Prefeitura de São Paulo aprova regulamentação de laboratórios genéticos após prisão de técnico dissidente
A Secretaria Municipal de Saúde divulgou hoje uma nova norma para controle de estabelecimentos de bioengenharia na capital, visando segurança e ética. A medida segue após o julgamento do técnico João Almeida, que desafiou a criação de carne genética sem transparência.
A Prefeitura de São Paulo sancionou nesta quinta-feira o Decreto nº 3.457/2024, que estabelece obrigações para laboratórios genéticos e de bioengenharia nas áreas cidades. A norma exige registro obrigatório de pesquisas (incluindo clones de animais), auditorias mensais por órgãos municipais e transparência na divulgação de resultados para a sociedade. A medida foi anunciada em reunião pública na Comissão de Saúde, com representantes de grupos de direitos humanos e empresas de biotecnologia.

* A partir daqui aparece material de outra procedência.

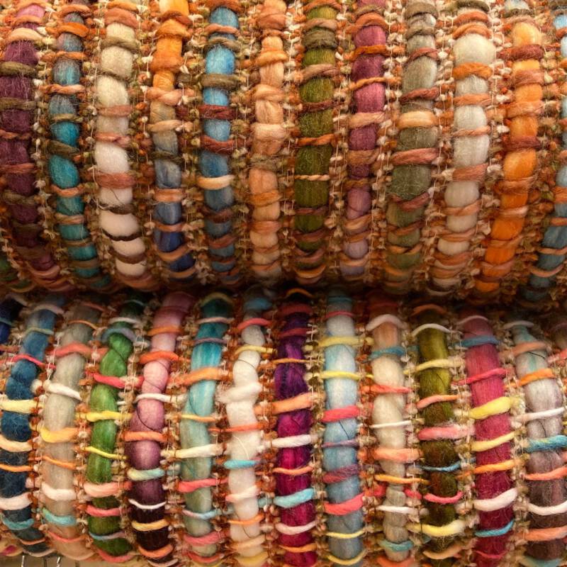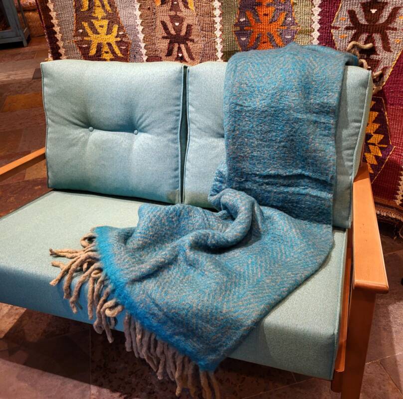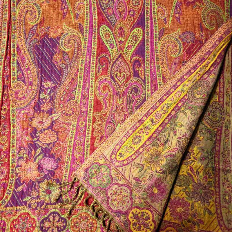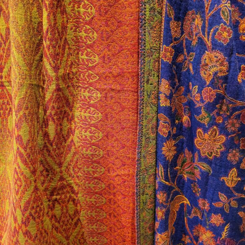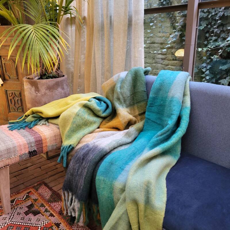 Er zijn mooie kleurrijke plaids die op de ambachtelijke Indiase weefgetouwen worden gemaakt volgens traditionele technieken, echter met innovatief kleurgebruik en in eigentijdse dessins. In deze plaids wordt wol of linnen gecombineerd met de heldere kleuren van zijde. Een lust voor het oog, ze staan prachtig op de bank of een stoel. Sommige klanten gebruiken ze zelfs als sprei of tafelkleed. De smallere sjaaluitvoering wordt vaak gebruikt als tafelloper. De plaids zijn € 145,- per stuk en hebben een formaat van 140 x 185 cm. De sjaals kosten 79,- per stuk.

O técnico João Almeida, ex-dissidente do laboratório GenBioSAO, foi preso em abril pelo envolvimento em experimentos de carne genética sem permitimento, caso que acendeu debates sobre ética e segurança. A Câmara de Vereadores aprovou, por unanimidade, a norma em reação à prisão, destacando a necessidade de equilibrar inovação e proteção. A Secretaria também reafirmou que 'não há espaço para manipulação genética sem controle', citando riscos de mutações não previsíveis.